Enviar
O botão mais assustador que já inventaram
Acabei de enviar o original do meu primeiro livro para uma editora. O que acontece agora? Não sei, mas a notícia quente é que eu enviei. Dei minha cara a tapa, puxei papo numa feira literária e agora estou aqui, clicando em “enviar” como o tipo de pessoa que sabe o que está fazendo.
E é estranho esse lugar de “quase-conquista” ou “quase-conclusão”. Eu terminei o livro, eba! Mas dificilmente ele está pronto, pronto. Assim como já o terminei outras tantas vezes, depois revisei, ajustei, acrescentei e terminei de novo, provavelmente ainda devo somar alguns arquivos ao “Vale_esse_Final.pdf”. E tem todas as ilustrações que ainda não fiz, e estou para descobrir se farei.

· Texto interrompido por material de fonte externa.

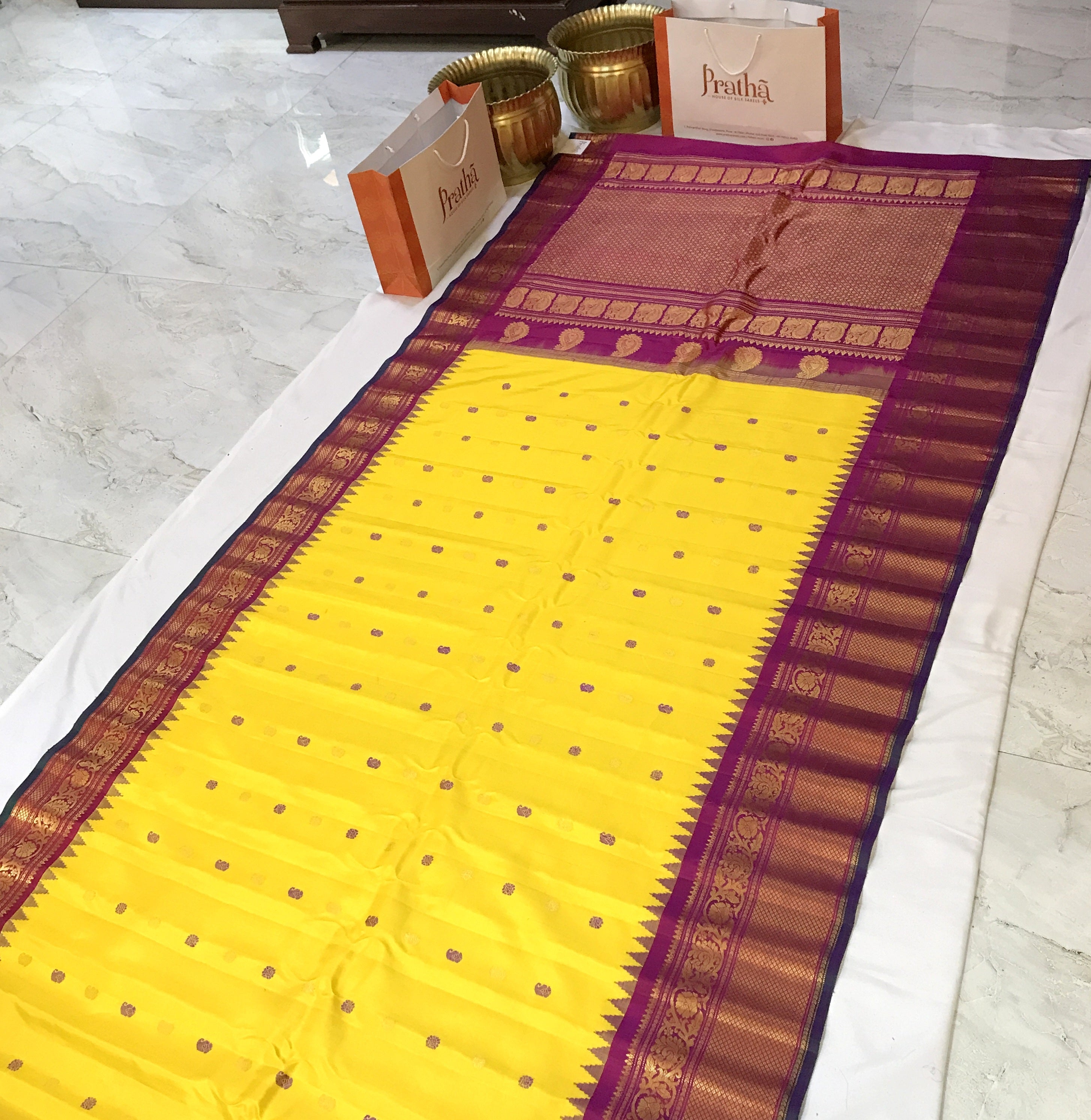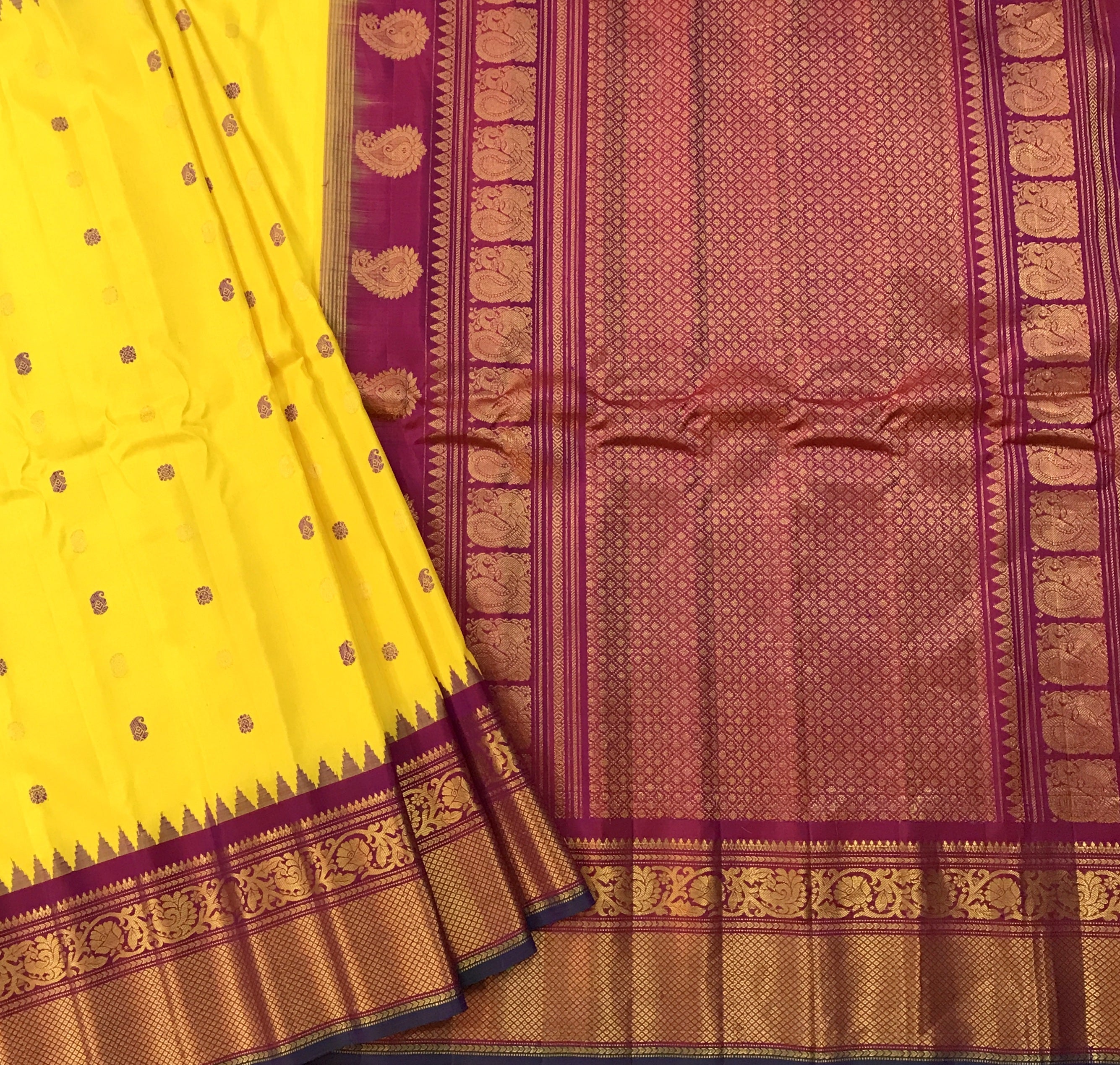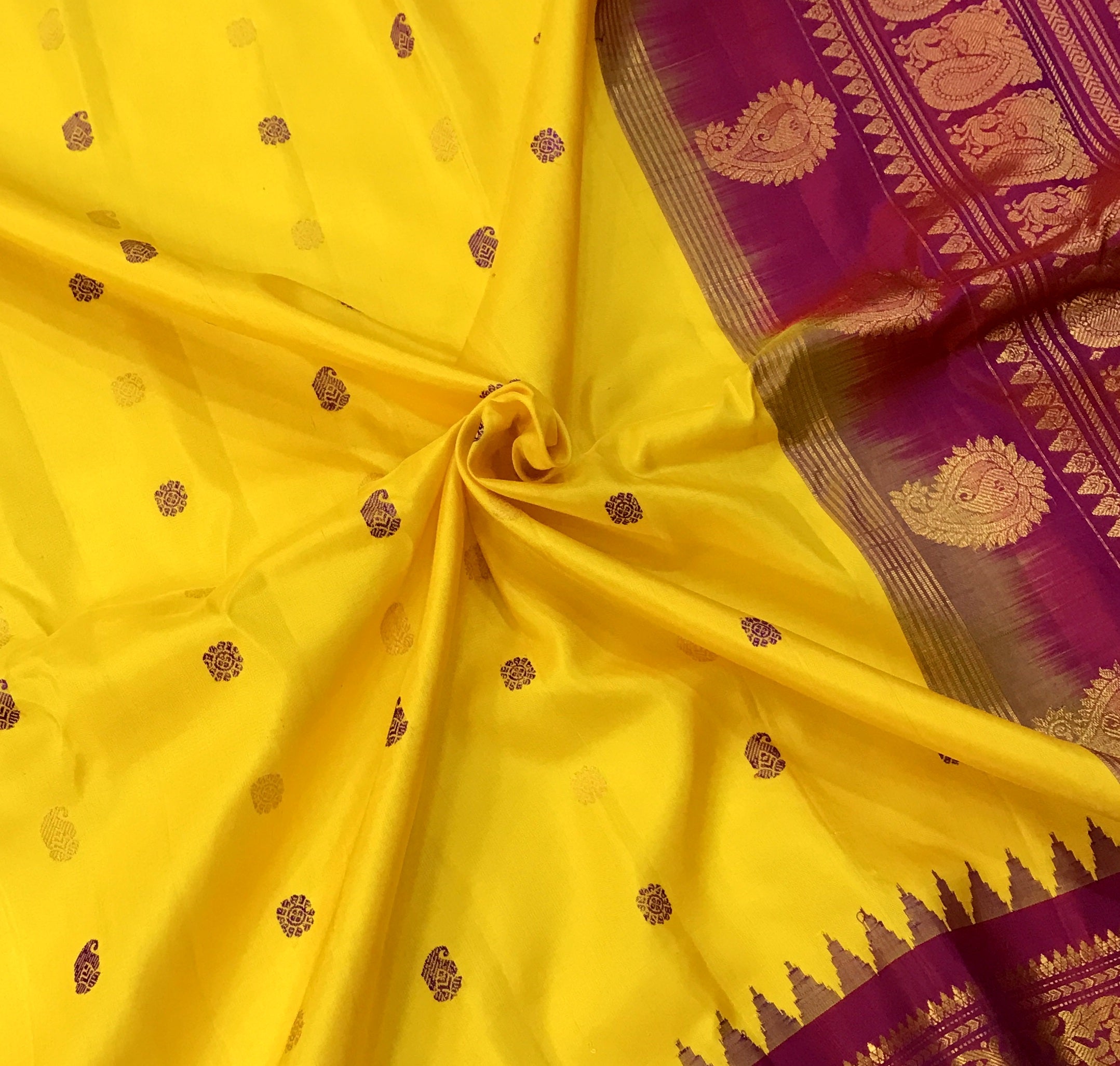 The soothing shade of yellow and pink combination wins hearts across traditions and cultures! This beautiful Gadhwal, the 'floral' design alternate intricate resim butti and butti woven in zari ,the pink golden zari border with an elaborate temple design make this weave a charmer! The intricately woven pallu adds to the beauty of this saree!

A verdade é que, depois de mais de três anos escrevendo, engavetando, reescrevendo e apagando, talvez eu ainda esteja só no meio do caminho. O mais difícil já foi? Nem sei. Mas, como disse minha amiga ontem durante o lançamento do seu primeiro livro, a maior lição que um autor iniciante pode aprender é a “sentar a bunda e escrever”, e essa lição eu acho que aprendi.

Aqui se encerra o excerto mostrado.